Memperhatikanmu dari jauh, sudah lebih dari cukup untukku. Tersenyumlah, aku tahu, kamu hebat dan kamu kuat dengan caramu sendiri.
Sudah waktunya sekarang untuk terbiasa dengan rasa rindu. Kenangan yang begitu melekat dan teramat sulit untuk dilupakan.
Ku harap kenangan ini tetap tersimpan rapi di ingatanku, dan aku tak akan pernah berhenti bersyukur karena takdir sudah memberiku waktu untuk bertemu dengan kalian.
Tetap baik, meskipun kamu merasa dunia itu jahat. Tetap tersenyum, meskipun banyak beban dan rasa lelah yang tersimpan.
Boleh menangis jika sudah tak tertahan. Setelah itu, hapus air matamu. Dan bilang ke dirimu sendiri, kalau semua yang terjadi di dalam hidupmu adalah suatu proses perjalanan yang akan membuat dirimu kuat.
Tuhan tidak pernah memberi kesedihan yang teramat dalam, Tuhan juga tidak pernah memberi kesenangan yang terlalu berlebih. Semuanya ada porsinya masing-masing. Tetaplah bersyukur dalam keadaan apapun.
Everything meant to you, never pass you.
"Tiiii sini deh." panggil Ziva supaya Tiara mendekat ke arahnya.

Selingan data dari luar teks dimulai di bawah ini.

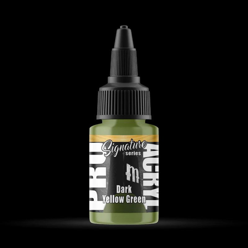 Enhance your miniatures with Vince Venturella Dark Yellow Green from the Pro Acryl Signature Series. This 22ml bottle of high-density pigmented acrylic paint is a favorite among painters for its rich color and superior coverage. Perfect for both brush and airbrush techniques, it ensures precision and a smooth application. The Pro Acryl no-clog cap provides the convenience of a dropper bottle and twist cap, giving a mess-free experience.

"Mau apa kamu, Ziv?" tanya Tiara menghampiri Ziva yang sedang duduk sendirian diatas tempat tidurnya. Iya, untuk terakhir ini dirinya berada di satu kamar yang sama dengan Ziva.
"Ti, cuma mau bilang."
"Mau bilang apa hayo?"
"Ziva beruntung kenal Titi." Ungkap Ziva tersenyum tulus menangkup pipi Tiara, "Jangan berusaha untuk berubah jadi orang lain ya, tetap jadi Titi yang Ziva kenal."
"Jangan buat aku nangis deh, Ziv. Masih pagi banget ini."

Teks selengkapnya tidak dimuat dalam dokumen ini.